Я это понял, едва ознакомился с отчетностью, в которой яснее ясного читалась угроза всем моим планам. Достаточно было взять минимальную оплату воина в моем войске — это три обола в день! Значит, тысяча воинов в год обойдется в тридцать талантов серебра, а пятьдесят тысяч — уже в полторы тысячи талантов. Эта сумма практически равнялась тому, что я рассчитывал найти в царской сокровищнице в Сузах. В таких условиях ни о каком перевооружении и реорганизации и речи быть не могло. Какие уж тут проекты, если финансов едва хватает на жалованье и жратву, а ведь в некоторых подразделениях договора предусматривали оплату по пять-шесть оболов в день!

«Ну вот и как Олимпийским богам угодить тебе! — съеронизировал я тогда. — То плачешь, что у тебя слишком маленькое войско, то жалуешься, что его слишком много!»

В общем, в тот момент я встал перед неразрешимой дилеммой. Преследовать Антигона так же самоубийственно, как и не преследовать! Причины разные, но суть одна: и тот и другой путь несут в себе очень высокие риски провала.

Я все-таки выбрал тот, в котором останавливаюсь на год, а может и побольше, для организации устойчивой вертикали власти и реформирования войска, и это значило, что значительную часть армии нужно было срочно распускать. На этом пути тоже имелись скрытые угрозы. Основная из них заключалась в опасности не собрать это войско вновь в момент острой необходимости, но это были задачи уже завтрашнего дня.

Однако их решение следовало закладывать с первого же дня, и голова у меня просто пухла от тяжелых мыслей. В общем, я не нашел ничего лучше, как прикомандировать к каждому отъезжающему сатрапу своего комиссара.

«Времена меняются, а методы те же! — вздохнул я тогда. — Какая революция без комиссаров в пыльных шлемах!»

Поскольку идеологической составляющей не существовало, то сам по себе комиссарский чин веса не имел. Всем моим представителям требовалась солидная должность. Обмозговав всё как следует и посовещавшись с Энеем, я выбрал из своих стрелков десять десятников и всучил их сатрапам в ранге гиппархов особых подразделений конницы, которые ещё предстояло нанять в их сатрапиях.

Таким ходом я убивал сразу двух зайцев! Приставлял к каждому сатрапу своего человека, дабы иметь глаза и уши среди моих «верных соратников», и, создавая новую должность, избегал конфликта интересов с прежней служилой аристократией.

Каждый десятник для большего веса прикомандировывался со своим десятком, на базе которого им следовало формировать новую конницу.

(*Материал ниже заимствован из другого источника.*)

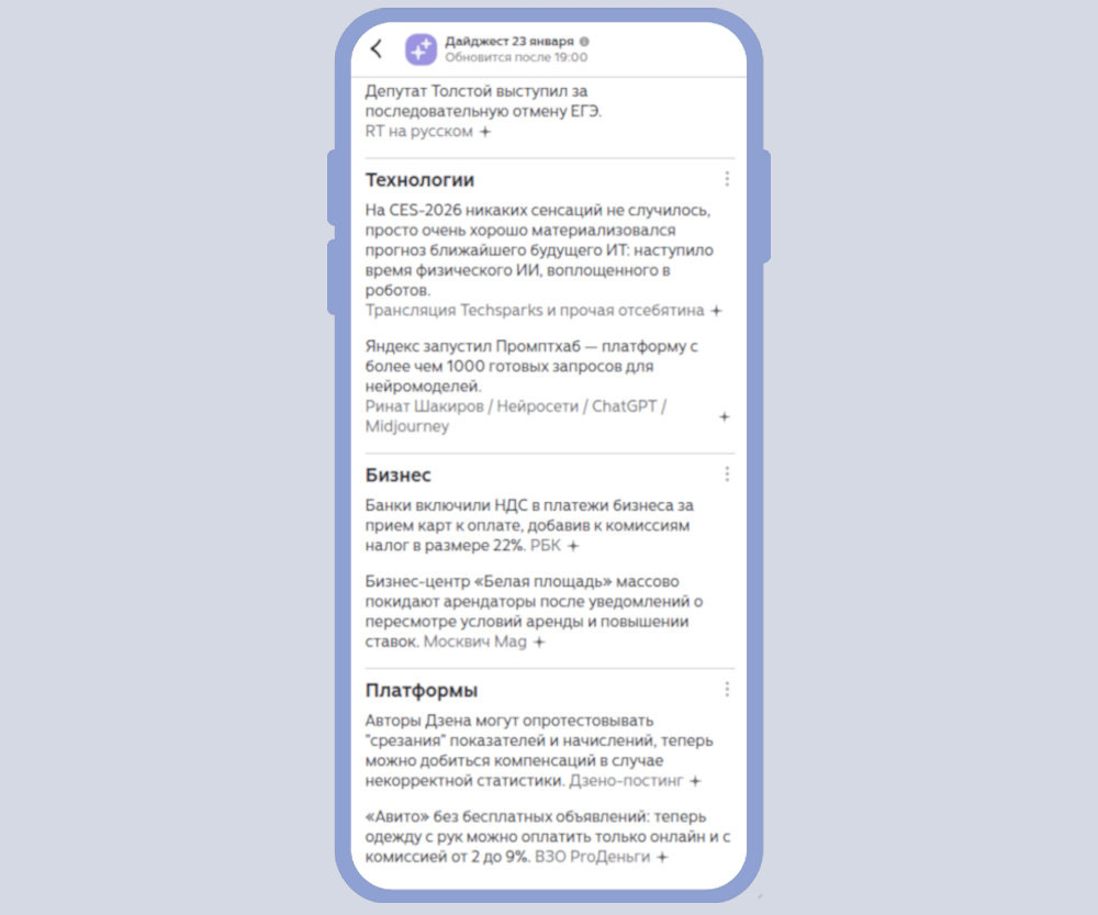 В справку Дзена внесены изменения в описание платной подписки «Дзен Про». Теперь среди преимуществ значится новая функция — «AI-дайждест»: «С активной подпиской вам доступен новостной дайджест, автоматически собранный из различных источников. В подборку могут попасть как актуальные новости, так и развлекательные статьи». В мой дайджест включили следующее: Впрочем, возможно, тут дело в том, что СМИ часто так поступают — месяцами мусолят одну и ту же новость, выдавая её за что-то новое, но DeepSeek с Дзеном засовывают эту новость как в ленту, так и в дайджест. Неожиданно. Рад что хоть тут не забыли о том, что в Дзене есть ещё что-то, кроме новостей. Немного удивляет, что дайджест формируется раз в сутки. Не думаю, что в Дзене решили, что пользователям с подпиской «Дзен Про» предлагается заходить на платформу лишь один раз в день; скорее всего, таким образом снижают интенсивность обращений к API DeepSeek. Новой возможности для меня ещё недостаточно, чтобы оформить подписку (возможность о

Я понимал, что без денег они никого там не наймут и ничего не создадут, но это уже было вторично. Главная их задача заключалась в слежке за тем, чтобы сатрапы не забывали, что они всего лишь сатрапы, и не уклонялись от основного своего долга — верности царю! Решение вопроса с деньгами я оставил на тот момент, когда они появятся у меня самого.

За всеми этими желаниями минимизировать расходы я всё же не забывал о главном. Я царь ровно до тех пор, пока у меня есть армия! Поэтому о роспуске всего войска речи не шло. Я всё-таки не сумасшедший! Финансы финансами, а безопасность — прежде всего!

Распуская войска сатрапов, я оставлял у себя те подразделения, которые распускать было нельзя ни при каких обстоятельствах. Я говорю о тех двенадцати тысячах пехоты и около шести тысячах конницы, что перешли ко мне от Антигона.

Это уже само по себе было немалым войском; правда, из этого числа пришлось выдать вновь назначенному сатрапу Мидии Фарнабазу четыре тысячи мидийской конницы и столько же пехоты с целью выдворить из Мидии и Парфии ставленников Антигона и навести там порядок.

Другим сатрапам я подкреплений не давал, а наоборот, даже состриг с них немного шерсти. Так, Эвдам, отправившись со всем своим войском домой, в Гандару или Индию, как еще называли эту сатрапию, оставил мне своих боевых слонов с погонщиками и обслугой. С сатрапов Бактрии и Согдианы я взял по две тысячи всадников. Со всех остальных набралась еще тысяча. Так что вместе с персидской конницей Феспия у меня в Сузах набралось десять тысяч самой разной кавалерии, не считая моей личной агемы. Пехоты оказалось еще больше — почти шестнадцать тысяч. Причем я забрал себе лучшие соединения из тех, что сражались под Габиеной, такие как аргираспиды, греческие наемники, персидские фалангиты и доставшийся от Антигона македонский таксис.

Переход через горы Загрос прошел без потерь, и уже к концу апреля мое войско подошло к Сузам. Бывший сатрап Сузианы Антиген был убит мною в лагере аргираспидов, и вот уже месяц в городе царил паралич власти. Какой бы ни был порядок, он всегда лучше хаоса, и потому горожане встретили меня, что называется, хлебом-солью. За это я одарил их своей милостью и не допустил войска в город. Армия встала лагерем севернее городских ворот, на равнине между реками Керхе и Дез.

Именно тогда я ввел новый чин — префект лагеря — и наградил им хилиарха аргираспидов Леонида. Его задача включала в себя не только разбить идеально правильный прямоугольник, но и привить всем подразделениям такую же неукоснительную тягу к порядку, как и у аргираспидов. То есть: ров, вал, сторожевые башни и круглосуточная охрана периметра. Внутри же — строгие линии палаток, центральный плац и отхожие места в строго отведенной зоне. Всё остальное, включая кузни, другие ремесленные мастерские, харчевни и бордели, — только за пределами лагеря. Для исполнения этих мер я наделил должность префекта почти неограниченными полномочиями, подчинив его непосредственно себе.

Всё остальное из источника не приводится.